Confused? Nervous? Start with the home loan basics. And if you're unsure how a home loan works, don't worry. You're not alone.

A home loan - sometimes called a mortgage - is simply a long-term loan. You get one through a bank, credit union or other financial institution. Although it is likely to be the biggest loan you ever have, it is designed to be paid off slowly through manageable monthly or fortnightly repayments.

You choose how long you need to pay off the loan. Terms of 30, 25 and 20 years are most common. The lender will use your house as collateral against the loan.

How a home loan works

A home loan is made up of principal and interest.
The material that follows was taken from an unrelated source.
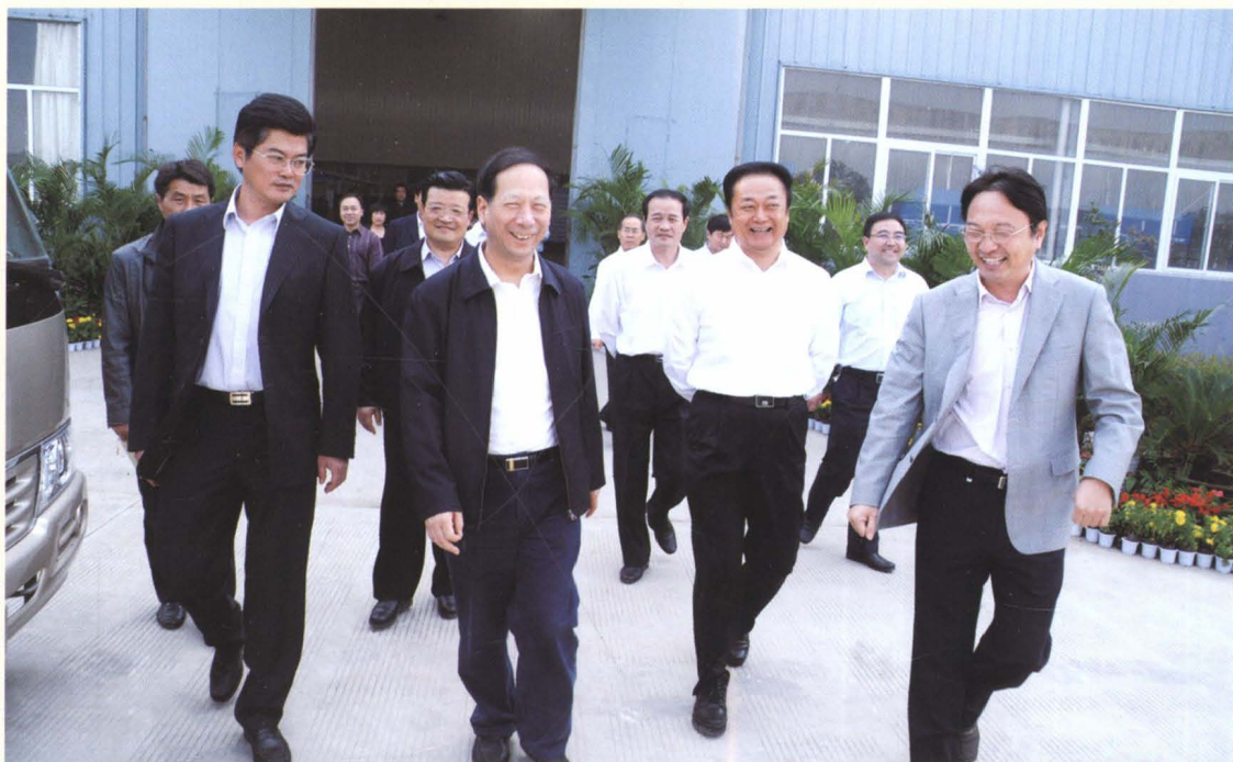
中共江苏省委副书记石泰峰(前左二)到灌云调研

Principal is the amount you borrow. Interest is what you pay to borrow the money. At the start of the loan, your repayments largely consist of interest, with a small amount going towards the principal. As you reduce the principal, your interest charges fall until eventually the loan is paid off.

Case Study: If you took out a $100,000 loan at seven per cent over 25 years, you would end up paying a total of $212,100: $112,100 in interest plus the $100,000 principal.

What's in it for the lender

Home loan lending is the core activity of many banks and financial institutions. They make their money from:

  • Interest on the loan
  • Loan establishment fees
  • Ongoing fees and charges

These charges reflect the cost of money as set by the Reserve Bank, the risk associated with the home loan, the cost of administering it and the need for all businesses to make a reasonable profit.